Durant les débats autour du nouveau projet de loi prorogeant l'état d'urgence sanitaire, le ministre de la Santé a accusé les oppositions de s'adonner à un "exercice de tir au pigeon".

Cela devient une image récurrente à l'Assemblée nationale. Mercredi en fin de journée, les élus du Palais-Bourbon examinaient le nouveau projet de loi visant à proroger l'état d'urgence sanitaire jusqu'au 1er juin. "Nous sommes en quelque sorte sur un fil", a entamé Olivier Véran dans son propos liminaire, décrivant une situation encore très à risque, notamment à cause des nouveaux variants du coronavirus qui circulent désormais en France comme ailleurs.

Après 3h45 de débats, le ministre des Solidarités et de la Santé a exprimé sa colère vis-à-vis des députés d'opposition, lesquels auront été nombreux à vivement critiquer la stratégie vaccinale du gouvernement. Se disant "sur sa faim" s'agissant des propositions concrètes de la droite et de la gauche, Olivier Véran les a accusées de s'adonner à rien de plus qu'un "exercice de tir au pigeon".

"Permettez-moi de reprendre quelques formules, lancées à l’emporte-pièce par des députés de l’opposition, de droite comme de gauche, depuis seulement quinze minutes: nous manquerions d’humanité, nous aurions une volonté totalitaire, nous serions incompétents, nous cumulerions les fiascos et les scandales en mettant le Parlement à l’arrêt", a-t-il commencé par égrener.

"La situation est difficile"

Selon Olivier Véran, "les Français commencent à voir les outrances permanentes et la méthode anti-Coué de certains parlementaires ou d’élus locaux d’opposition, qui, à chaque fois qu’une mesure est prise, disent immédiatement que cela ne marche jamais".
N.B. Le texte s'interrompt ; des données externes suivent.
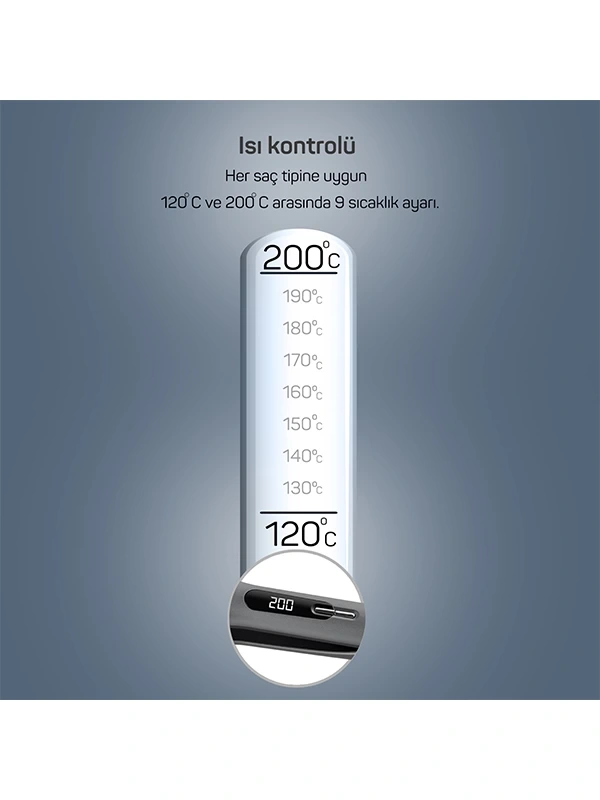 Her saç tipine uygun sıcaklık ayarı (120°C - 200°C) ile saçınız için en uygun sıcaklığı seçebilirsiniz. 200°C profesyonel sıcaklık ayarı sayesinde saçınızı kolayca şekillendirebilir ve ideal görünümü kolaylıkla elde edebilirsiniz.
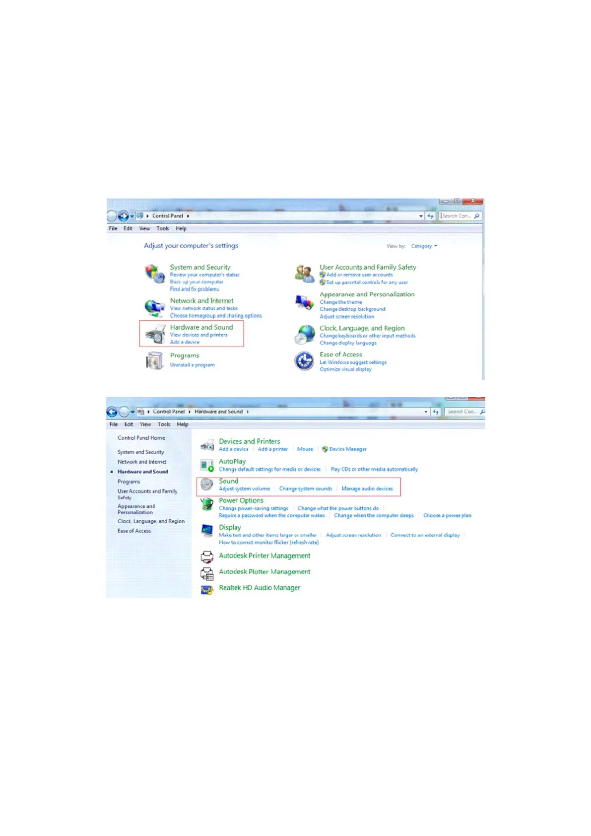 3. A “Vezérlőpanelben” válassza a “Hardver- és Hangbeállításokat
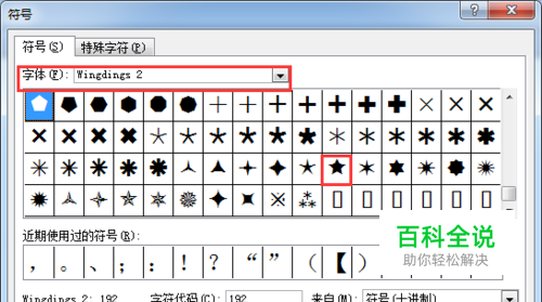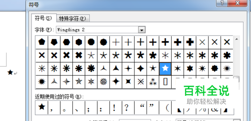此时会弹出一个“符号”对话框,我们将字体修改为“Wingdings 2”,然后将右侧的滚动按钮拉到最后,找到自己需要的五角星符号,单击“插入”按钮。
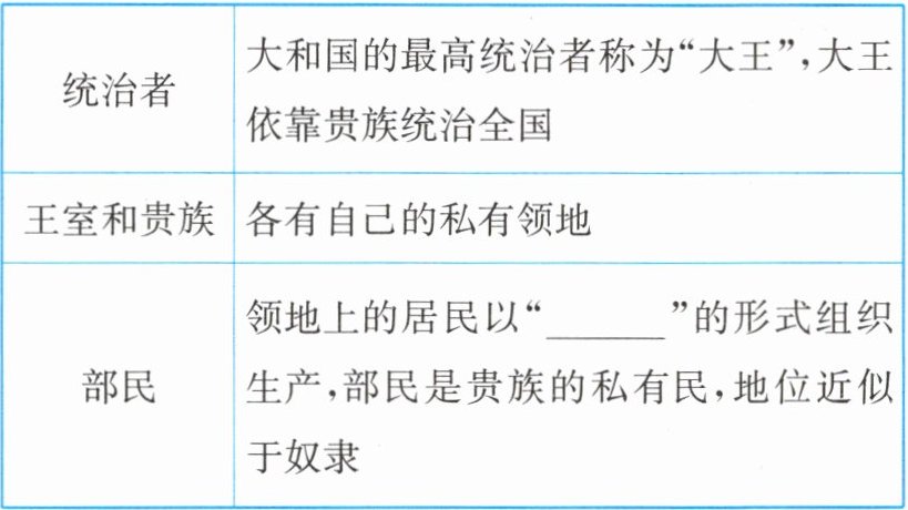 |部民|领地上的居民以“______”的形式组织生产,部民是贵族的私有民,地位近似于奴隶|
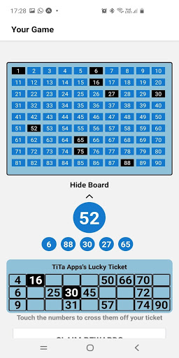 ผู้ใช้สามารถเลือกสีตั๋วของพวกเขาซึ่งตรงกับตั๋ว Real World Tambolaตัวเลือกในการหยุดการควบคุมเกมและการควบคุมความเร็วของเกมอีกครั้งที่รวมอยู่ด้วยการใช้งานง่ายและรวดเร็วมีความสนุก tambola!
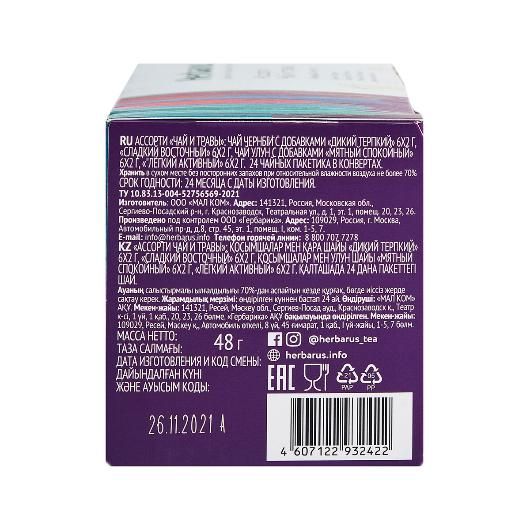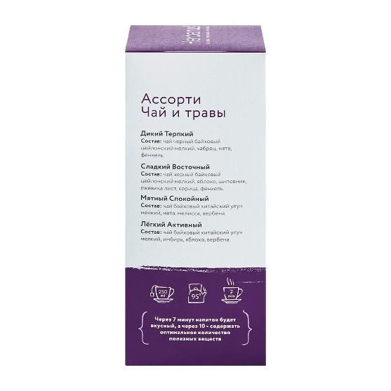В состав входят 4 вида чая по 6 пакетиков:
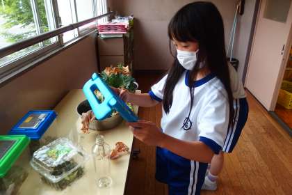 5月23日の東広瀬小学校(30) 公開日 2023/05/25 更新日 2023/05/25 活動の様子 アオムシの観察を続けている3年生です。 タブレットで熱心に様子を記録しています。 アオムシはサナギになりつつあります。
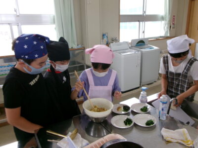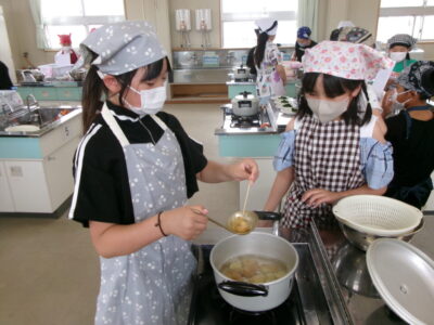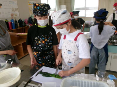 5年生では、前回、調理実習でお茶を淹れましたが、今日は料理の中でも『ゆでる』調理を経験しています。

"C'est la réalité!", n'ont pourtant cessé de scander les députés visés, particulièrement sur les bancs de LR. "En toute sympathie" et "en toute amitié", le ministre de la Santé a poursuivi en affirmant que "les Français commencent un peu à s’en lasser".

"Alors que la plupart des pays autour de nous subissent un confinement généralisé, les Français constatent que leurs enfants vont à l’école, que l’économie a été soutenue et que les emplois sont préservés grâce au chômage partiel et au fonds de solidarité", s'est-il ensuite défendu, en ajoutant, "la situation est difficile: personne ne le nie".

"Aidez-nous"

C'est alors que, après avoir tenté d'illustrer combien la gestion d'une épidémie aussi imprévisible était une épreuve "difficile" pour l'exécutif, Olivier Véran a enjoint les oppositions à se montrer plus conciliantes.
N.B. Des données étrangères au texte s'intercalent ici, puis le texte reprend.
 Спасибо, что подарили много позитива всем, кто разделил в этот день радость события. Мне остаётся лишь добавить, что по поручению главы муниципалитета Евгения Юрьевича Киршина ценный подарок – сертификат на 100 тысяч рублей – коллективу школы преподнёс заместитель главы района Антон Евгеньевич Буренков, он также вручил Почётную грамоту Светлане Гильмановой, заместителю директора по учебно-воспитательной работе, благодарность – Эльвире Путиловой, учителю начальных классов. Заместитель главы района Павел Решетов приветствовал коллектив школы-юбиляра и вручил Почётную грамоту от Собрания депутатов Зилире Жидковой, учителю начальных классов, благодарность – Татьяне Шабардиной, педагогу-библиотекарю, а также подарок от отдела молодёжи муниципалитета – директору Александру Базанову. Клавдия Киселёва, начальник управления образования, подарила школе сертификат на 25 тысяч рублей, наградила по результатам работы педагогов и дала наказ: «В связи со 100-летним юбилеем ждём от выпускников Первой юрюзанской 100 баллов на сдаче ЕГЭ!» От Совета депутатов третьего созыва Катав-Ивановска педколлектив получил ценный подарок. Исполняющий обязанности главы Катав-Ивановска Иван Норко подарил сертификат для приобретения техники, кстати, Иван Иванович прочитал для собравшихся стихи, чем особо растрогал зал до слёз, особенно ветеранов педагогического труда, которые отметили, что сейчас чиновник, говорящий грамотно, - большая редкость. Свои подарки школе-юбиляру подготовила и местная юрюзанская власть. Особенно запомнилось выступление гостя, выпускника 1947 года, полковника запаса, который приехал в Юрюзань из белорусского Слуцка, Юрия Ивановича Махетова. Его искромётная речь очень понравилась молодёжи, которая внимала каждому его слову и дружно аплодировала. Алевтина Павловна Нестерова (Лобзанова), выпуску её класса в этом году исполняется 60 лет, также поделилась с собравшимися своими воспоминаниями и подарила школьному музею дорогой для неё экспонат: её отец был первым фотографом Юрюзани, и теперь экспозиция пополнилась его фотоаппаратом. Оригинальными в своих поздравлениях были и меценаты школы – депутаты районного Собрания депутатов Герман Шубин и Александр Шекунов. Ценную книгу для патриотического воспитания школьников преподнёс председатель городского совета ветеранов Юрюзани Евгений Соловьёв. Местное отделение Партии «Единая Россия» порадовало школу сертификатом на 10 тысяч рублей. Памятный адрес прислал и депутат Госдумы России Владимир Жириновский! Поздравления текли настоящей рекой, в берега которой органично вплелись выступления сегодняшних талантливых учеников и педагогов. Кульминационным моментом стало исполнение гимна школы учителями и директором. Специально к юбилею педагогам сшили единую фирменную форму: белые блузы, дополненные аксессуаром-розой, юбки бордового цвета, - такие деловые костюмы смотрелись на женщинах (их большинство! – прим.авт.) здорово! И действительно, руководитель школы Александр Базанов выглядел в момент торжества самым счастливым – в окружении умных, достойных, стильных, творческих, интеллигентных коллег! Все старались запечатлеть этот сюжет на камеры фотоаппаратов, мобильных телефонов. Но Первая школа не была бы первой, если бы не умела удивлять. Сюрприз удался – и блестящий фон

"Aidez-nous, faites des propositions utiles, expliquez-nous les alternatives, retroussez vos manches, allez dans les territoires et dans les centres de vaccination (...) Vous pourrez alors constater qu’il y a toujours deux sortes de personnes dans la vie, au Parlement comme ailleurs: il y a ceux qui cherchent des problèmes et ceux qui trouvent des solutions", a-t-il conclu sous les vives protestations des groupes LR et La France insoumise.
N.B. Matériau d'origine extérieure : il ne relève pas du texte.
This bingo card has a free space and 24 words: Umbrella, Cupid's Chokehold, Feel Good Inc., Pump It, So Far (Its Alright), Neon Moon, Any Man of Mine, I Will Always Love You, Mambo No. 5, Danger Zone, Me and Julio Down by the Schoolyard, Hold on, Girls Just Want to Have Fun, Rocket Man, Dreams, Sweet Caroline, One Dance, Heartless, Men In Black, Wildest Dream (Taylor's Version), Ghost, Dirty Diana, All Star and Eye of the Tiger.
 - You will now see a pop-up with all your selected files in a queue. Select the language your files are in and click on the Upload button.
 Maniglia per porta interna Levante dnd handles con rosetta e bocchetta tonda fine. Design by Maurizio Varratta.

Ce n'est pas la première fois que le ministre des Solidarités et de la Santé tance les parlementaires d'opposition depuis le début de l'épidémie de Covid-19. Début novembre, sur un autre texte portant prorogation de l'état d'urgence sanitaire, Olivier Véran s'en était vivement pris à la droite à la suite d'un vote sur lequel le groupe La République en marche s'était trouvé en minorité.

"On n'a jamais raison de perdre son calme, même s'il peut y avoir des raisons de le perdre", s'était-il expliqué le surlendemain face à la presse.